Catalogue of the papers and correspondence of John Sutton FRS (1919-1992), geologist
|Title:||Catalogue of the papers and correspondence of John Sutton FRS (1919-1992), geologist|
SECTION A BIOGRAPHICAL NCUACS 75.4.98/A.1-NCUACS 75.4.98/A.146
SECTION B NOTEBOOKS NCUACS 75.4.98/B.1-NCUACS 75.4.98/B.97
SECTION C NOTEBOOKS NCUACS 75.4.98/C.1-NCUACS 75.4.98/C.134
SECTION D VISITS AND CONFERENCES NCUACS 75.4.98/D.1-NCUACS 75.4.98/D.21
SECTION E CORRESPONDENCE NCUACS 75.4.98/E.1-NCUACS 75.4.98/E.30
SECTION F NON-TEXTUAL MATERIAL NCUACS 75.4.98/F.1-NCUACS 75.4.98/F.23
The material is presented in the order shown in the list of contents. It covers the period 1910-1995.
Mrs Sutton left many comments identifying the papers appended to or inscribed on the papers. Reference to such comments is indicated in the catalogue in the form '(BS)'.
Section, A, Biographical, includes obituaries and reminiscences of Sutton. Sutton's childhood and schooldays are documented and there is a little material relating to his undergraduate studies. There are papers relating to his career including wartime service, and of some of the honours he was accorded. There is significant family material, particularly of his father Gerald John Sutton, an engineer and inventor. It includes a sequence of his patents 1928-1958. Financial material records Sutton's extensive work as an examiner for his own and other universities, as a referee for scientific journals and his work for the BBC as a broadcaster and adviser. There are also photographs of Sutton, some with Janet Watson, and material relating to Sutton's family background.
Section B, Notebooks, covers the period 1940-1992. The notebooks used up to the late 1960s are chiefly geological field notebooks and a number include notes by Janet Watson. The notes therein include observations, sketches and plans and lists of specimens. These include a set of notebooks recording work in Greenland 1965-1969. From the late 1960s on the content is increasingly diverse and alongside geological observations may include notes on proceedings of conferences and sketches of scenery, plants and people as well as of geological phenomena, many from visits overseas for conferences and meetings.

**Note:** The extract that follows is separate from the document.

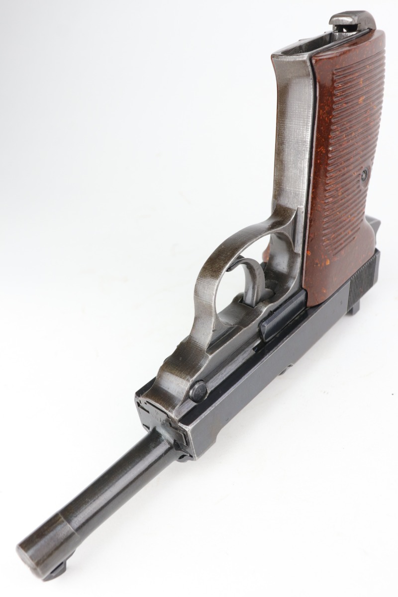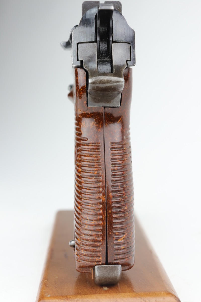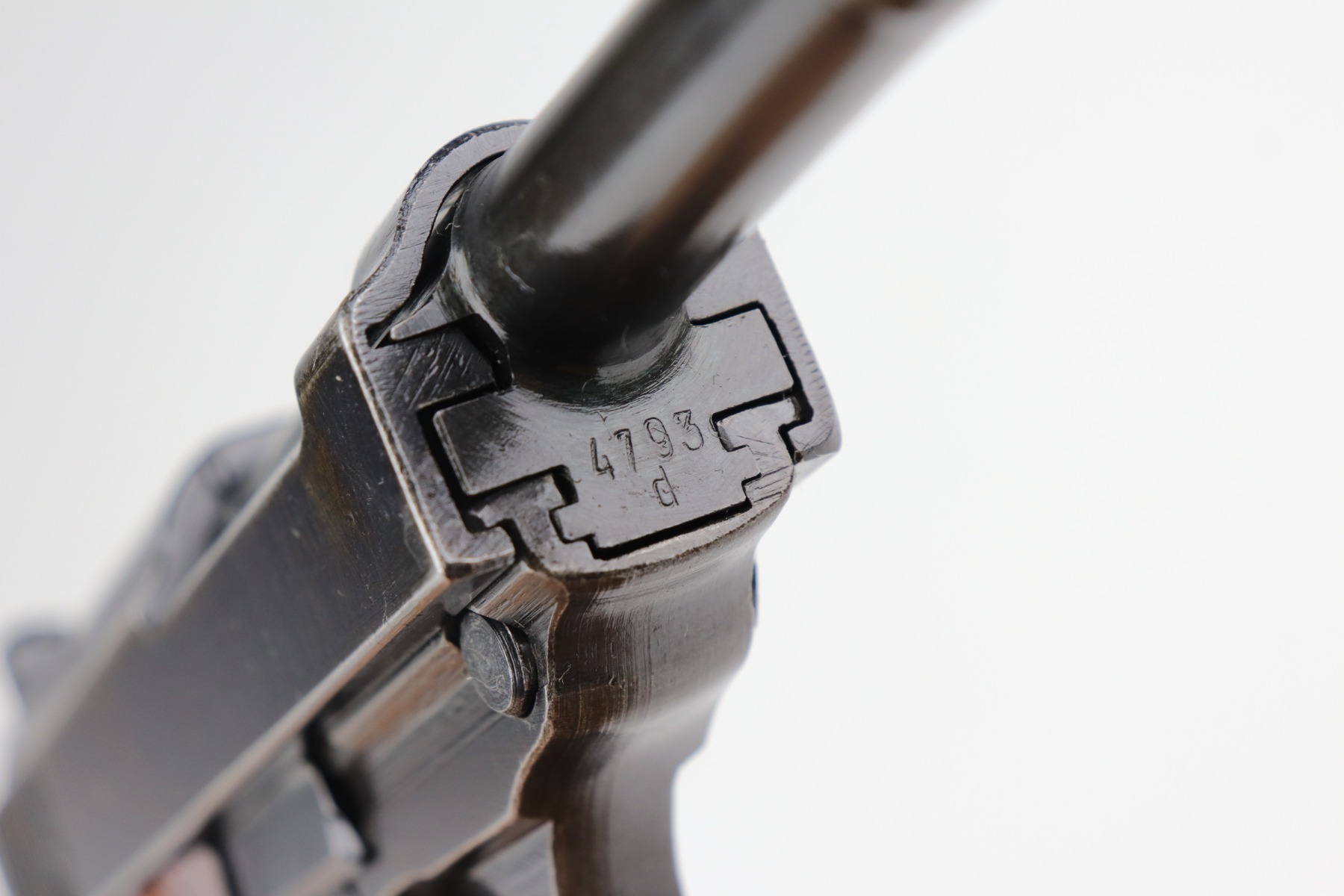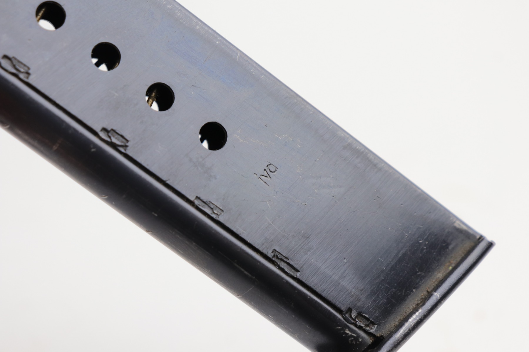 2/10/21 – This is an excellent example of a Spreewerk P.38 issued to the Nazi military in June of 1943. The gun is all matching and has the proper “Eagle 88” military proofs. It has retained about 95% of its finish. There is minor wear around some of the high edges and thinning on the front strap. Spotty oxidation on the front strap. There are a few streaks of wear on the left side of the slide where the machining marks are. There are a few small areas of discoloration on the right side of the slide. It comes with excellent grips and a period-correct magazine. The bore has good rifling, but there is pin-pricking throughout. The de-cocker does not work properly.

Section C, Notes and drafts, chiefly comprises notes for and drafts of publications or work intended for publication dating from the late 1930s to very shortly before Sutton's death. Some of the material bears Janet Watson's handwriting, attesting to the collaborative nature of much of their work. There are also drafts by others and a little printed material.
Section D, Visits and conferences, is slight but supplements to some extent the material in the later notebooks in section B including documentation of a number of Sutton's visits to China. It covers the period 1957, 1970-1992.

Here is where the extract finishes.